**TASK STATEMENT:**
Leave the pictures out and quote every line from the start of the listing to the line with "976S 號線,輕鬆前往落馬洲新田皇巴站。另外,城巴近 40", inclusive.

BEGIN EXCERPTED DATA

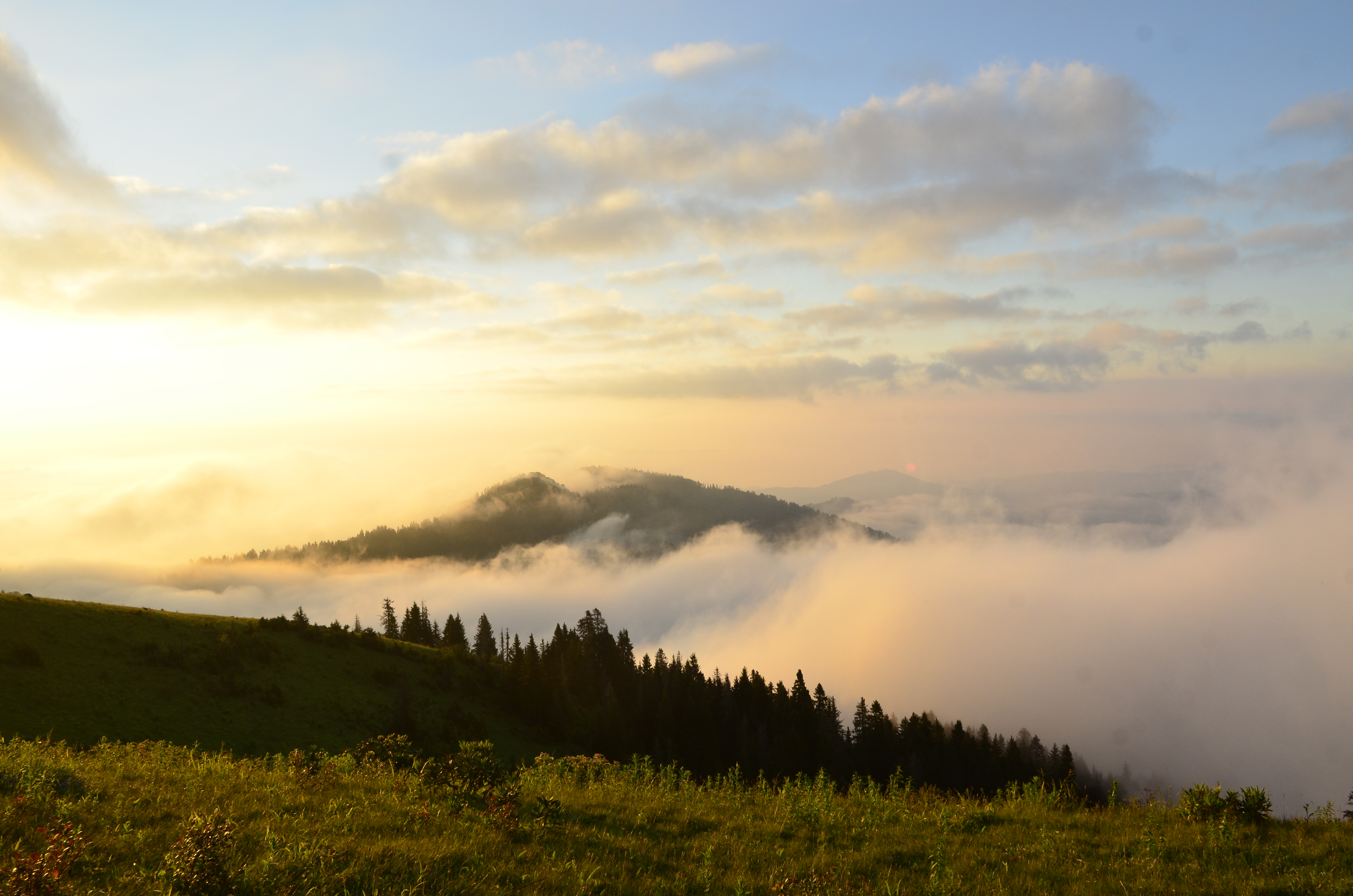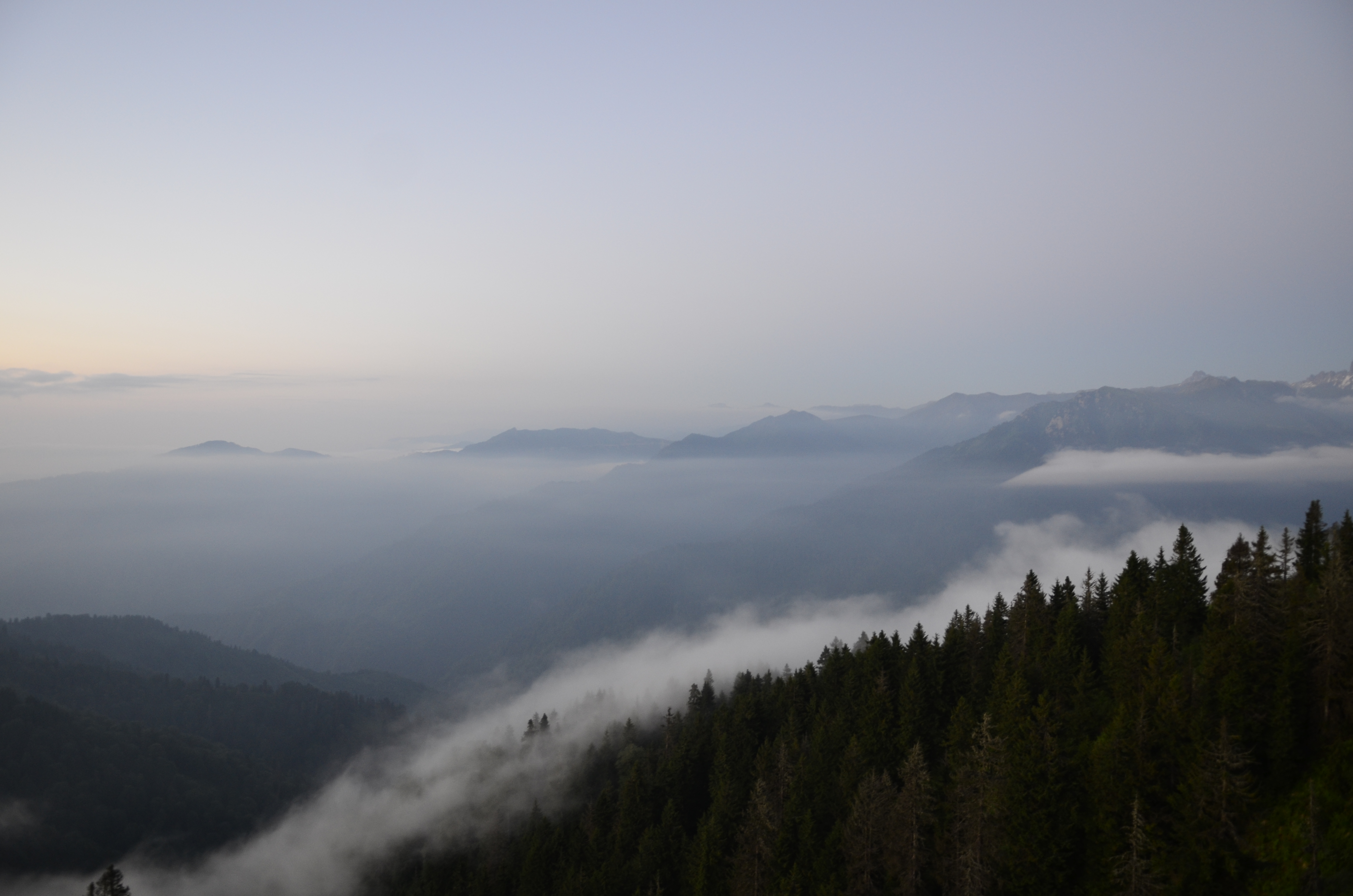Geceyi geçireceğimiz Pokut Yaylası’na doğru yola çıkıyoruz. Sal Yaylası’nda araçtan inip sislerin içerisinden yürüyerek Pokut’a doğru geçiyoruz.
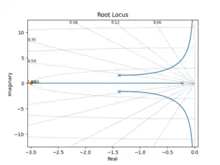 The following Python code can also be used to calculate and plot the root locus of the closed-loop transfer function using the Python Control Systems Library[14] and Matplotlib[15].
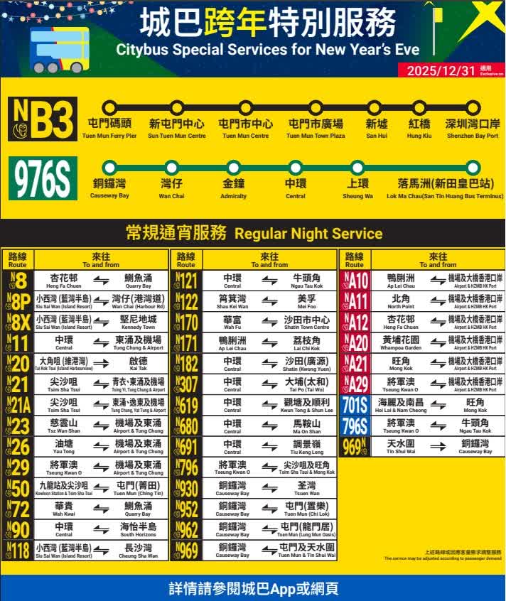 因應旅發局將於中環舉辦跨年倒數活動,城巴額外開辦特別路線 976S,提供由港島銅鑼灣、灣仔、金鐘、中上環前往落馬洲新田皇巴站的班次。旅客於中環體驗跨年倒數氣氛後,可於滙豐總行大廈巴士站乘搭 976S 號線,輕鬆前往落馬洲新田皇巴站。另外,城巴近 40 條常規通宵路線亦將按客量需求適時加強服務,助乘客於各區參與倒數活動後,無縫穿梭市區、機場及主要陸路口岸,重點加強服務路線包括:X15、N8X、N72、N90、N118、N121、N122、N619 及 N691 號線。
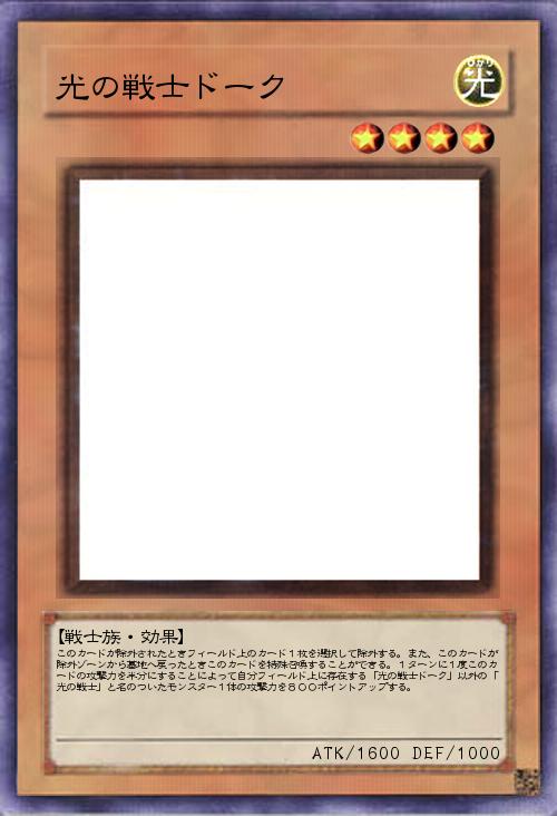 | このカードが除外されたときフィールド上のカード1枚を選択して除外する。また、このカードが除外ゾーンから墓地へ戻ったときこのカードを特殊召喚することができる。1ターンに1度このカードの攻撃力を半分にすることによって自分フィールド上に存在する「光の戦士ドーク」以外の「光の戦士」と名のついたモンスター1体の攻撃力を800ポイントアップする。 | |||
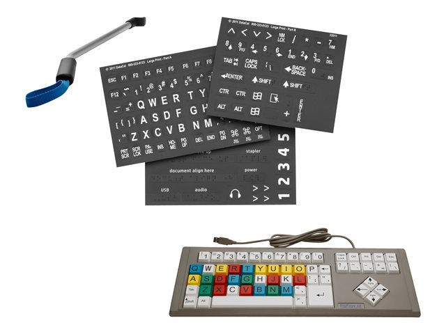 The HP Accessibility Kit is designed to remove barriers between users and their Enterprise MFPs and scanners for a more accessible experience for everyone, everywhere. The three-in-one solution combines customized Braille and tactile adhesives, an access handle, and the BigKeys LX keyboard so users can work with ease and to their full potential.
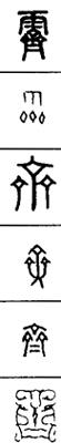 从上到下依次是小篆、甲骨文、金文、古玺及战国文字、缪篆及汉代文字、鸟虫篆。

END EXCERPTED DATA

**WRITTEN RESPONSE:**
Geceyi geçireceğimiz Pokut Yaylası’na doğru yola çıkıyoruz. Sal Yaylası’nda araçtan inip sislerin içerisinden yürüyerek Pokut’a doğru geçiyoruz.
 The following Python code can also be used to calculate and plot the root locus of the closed-loop transfer function using the Python Control Systems Library[14] and Matplotlib[15].
 因應旅發局將於中環舉辦跨年倒數活動,城巴額外開辦特別路線 976S,提供由港島銅鑼灣、灣仔、金鐘、中上環前往落馬洲新田皇巴站的班次。旅客於中環體驗跨年倒數氣氛後,可於滙豐總行大廈巴士站乘搭 976S 號線,輕鬆前往落馬洲新田皇巴站。另外,城巴近 40 條常規通宵路線亦將按客量需求適時加強服務,助乘客於各區參與倒數活動後,無縫穿梭市區、機場及主要陸路口岸,重點加強服務路線包括:X15、N8X、N72、N90、N118、N121、N122、N619 及 N691 號線。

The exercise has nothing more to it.